Description of the task →
In the data below, one line contains "皮鞋男款夏季透气男士休闲工装英伦风新款大头厚底德比低帮马丁靴" and a later one contains "調(diào)蘸汁:小碗或者". Print both, with every line between them, exactly and alone.
[Provided entries — start]
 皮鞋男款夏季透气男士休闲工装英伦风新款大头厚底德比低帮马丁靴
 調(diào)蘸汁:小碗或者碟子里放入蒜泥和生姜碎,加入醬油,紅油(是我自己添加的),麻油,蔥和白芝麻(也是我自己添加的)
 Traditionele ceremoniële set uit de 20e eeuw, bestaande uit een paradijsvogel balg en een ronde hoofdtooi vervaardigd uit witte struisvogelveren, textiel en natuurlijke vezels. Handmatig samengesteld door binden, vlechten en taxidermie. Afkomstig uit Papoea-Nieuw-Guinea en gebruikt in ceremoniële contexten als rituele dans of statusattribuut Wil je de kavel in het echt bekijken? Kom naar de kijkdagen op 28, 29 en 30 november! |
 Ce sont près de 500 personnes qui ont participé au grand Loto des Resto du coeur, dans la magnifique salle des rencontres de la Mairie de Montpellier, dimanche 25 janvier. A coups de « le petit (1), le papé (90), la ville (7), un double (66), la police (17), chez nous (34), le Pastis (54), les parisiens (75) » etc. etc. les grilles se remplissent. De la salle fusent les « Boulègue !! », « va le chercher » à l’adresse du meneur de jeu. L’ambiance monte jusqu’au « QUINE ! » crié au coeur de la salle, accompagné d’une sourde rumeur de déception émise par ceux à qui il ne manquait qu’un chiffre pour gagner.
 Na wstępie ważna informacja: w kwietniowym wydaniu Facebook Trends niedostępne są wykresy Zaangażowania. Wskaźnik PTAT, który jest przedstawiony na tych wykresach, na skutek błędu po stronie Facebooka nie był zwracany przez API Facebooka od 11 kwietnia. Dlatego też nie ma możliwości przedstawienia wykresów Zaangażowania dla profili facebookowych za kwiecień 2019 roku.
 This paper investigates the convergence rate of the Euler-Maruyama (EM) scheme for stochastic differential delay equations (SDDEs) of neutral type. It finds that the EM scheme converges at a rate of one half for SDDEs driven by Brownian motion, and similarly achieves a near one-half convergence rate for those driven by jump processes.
[Provided entries — finish]
[Provided entries — start]
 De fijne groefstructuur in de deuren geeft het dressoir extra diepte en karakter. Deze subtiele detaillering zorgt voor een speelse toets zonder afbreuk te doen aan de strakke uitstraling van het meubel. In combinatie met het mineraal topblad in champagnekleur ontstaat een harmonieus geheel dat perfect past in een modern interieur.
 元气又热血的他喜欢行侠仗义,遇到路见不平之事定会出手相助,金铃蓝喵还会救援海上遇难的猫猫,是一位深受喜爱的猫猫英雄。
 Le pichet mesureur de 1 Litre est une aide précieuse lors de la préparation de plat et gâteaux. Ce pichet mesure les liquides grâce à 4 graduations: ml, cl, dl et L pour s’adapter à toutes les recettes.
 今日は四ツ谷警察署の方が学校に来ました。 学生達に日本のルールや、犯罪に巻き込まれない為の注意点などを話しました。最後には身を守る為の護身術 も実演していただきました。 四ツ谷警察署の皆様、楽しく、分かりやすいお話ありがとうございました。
[Provided entries — finish]
Solved exercise →
 皮鞋男款夏季透气男士休闲工装英伦风新款大头厚底德比低帮马丁靴
 調(diào)蘸汁:小碗或者碟子里放入蒜泥和生姜碎,加入醬油,紅油(是我自己添加的),麻油,蔥和白芝麻(也是我自己添加的)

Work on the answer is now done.